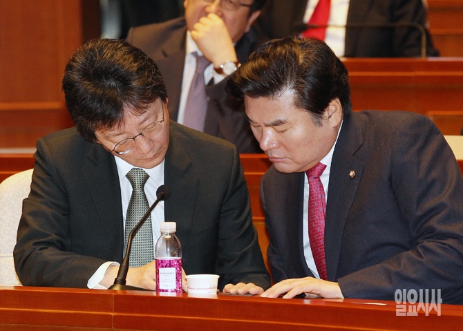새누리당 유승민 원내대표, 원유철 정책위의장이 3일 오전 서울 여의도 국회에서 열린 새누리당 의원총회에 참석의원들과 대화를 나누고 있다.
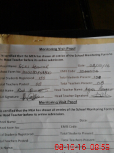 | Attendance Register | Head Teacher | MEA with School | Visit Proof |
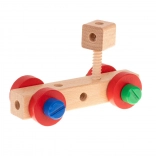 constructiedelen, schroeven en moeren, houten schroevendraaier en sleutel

Aim of the task>
Please give the data again unaltered, leaving out any images.

Exercise answer>
새누리당 유승민 원내대표, 원유철 정책위의장이 3일 오전 서울 여의도 국회에서 열린 새누리당 의원총회에 참석의원들과 대화를 나누고 있다.
 | Attendance Register | Head Teacher | MEA with School | Visit Proof |
 constructiedelen, schroeven en moeren, houten schroevendraaier en sleutel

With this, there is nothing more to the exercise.